_Work to complete_
Exactly as they appear below, repeat the lines from the one with "VENDREDI 4 FEVRIER" through the one with "White Microfiber Pillow", and no others.

_Supplied entries_

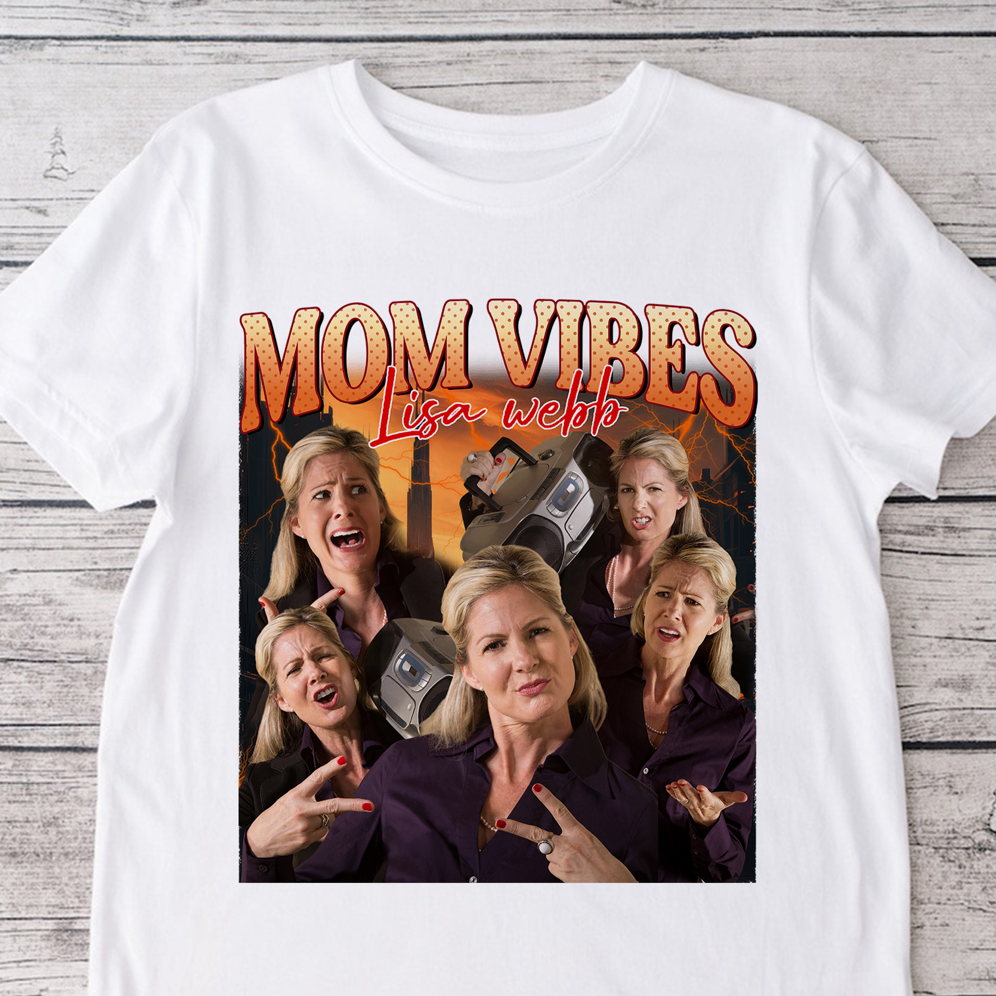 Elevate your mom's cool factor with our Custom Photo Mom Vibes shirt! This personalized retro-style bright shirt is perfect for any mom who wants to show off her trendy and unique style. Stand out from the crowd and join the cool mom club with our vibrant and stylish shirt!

==

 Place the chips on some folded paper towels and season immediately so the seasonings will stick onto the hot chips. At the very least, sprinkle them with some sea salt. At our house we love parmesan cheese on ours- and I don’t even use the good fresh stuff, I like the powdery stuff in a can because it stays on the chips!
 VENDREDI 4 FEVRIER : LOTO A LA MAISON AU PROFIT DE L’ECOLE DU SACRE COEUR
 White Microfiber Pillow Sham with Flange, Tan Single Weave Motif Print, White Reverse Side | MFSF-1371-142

--

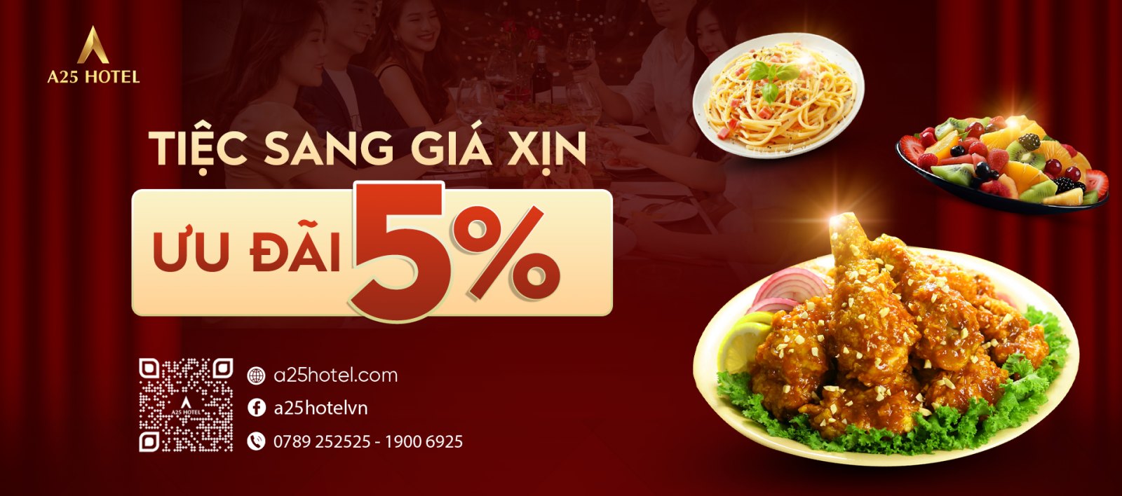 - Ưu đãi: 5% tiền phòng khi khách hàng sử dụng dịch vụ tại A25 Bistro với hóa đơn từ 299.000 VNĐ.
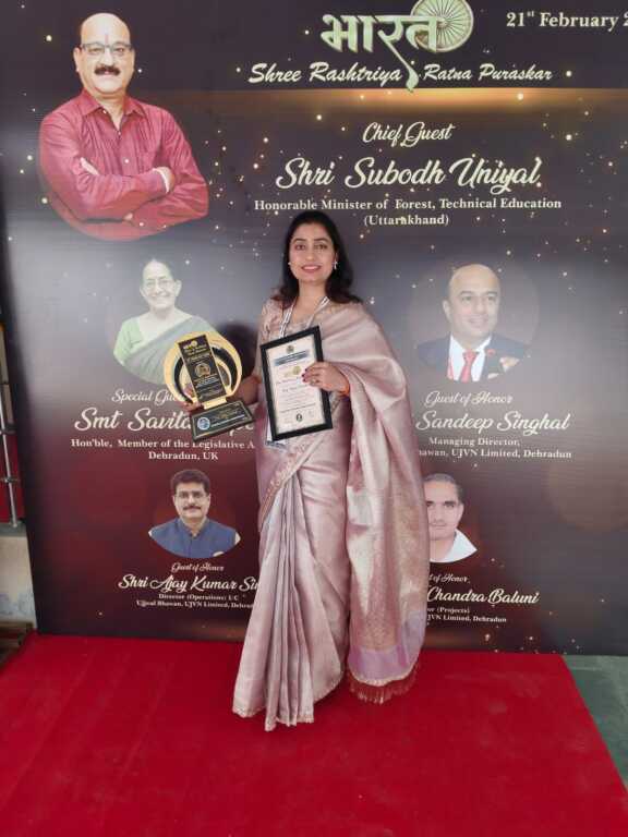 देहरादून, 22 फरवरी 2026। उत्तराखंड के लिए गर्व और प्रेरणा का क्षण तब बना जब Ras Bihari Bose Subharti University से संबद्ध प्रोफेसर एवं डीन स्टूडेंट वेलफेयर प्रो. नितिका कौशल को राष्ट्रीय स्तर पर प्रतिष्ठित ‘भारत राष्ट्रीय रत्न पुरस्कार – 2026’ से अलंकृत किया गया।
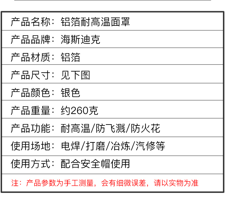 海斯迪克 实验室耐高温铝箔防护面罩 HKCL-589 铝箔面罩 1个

_Task output_
 VENDREDI 4 FEVRIER : LOTO A LA MAISON AU PROFIT DE L’ECOLE DU SACRE COEUR
 White Microfiber Pillow Sham with Flange, Tan Single Weave Motif Print, White Reverse Side | MFSF-1371-142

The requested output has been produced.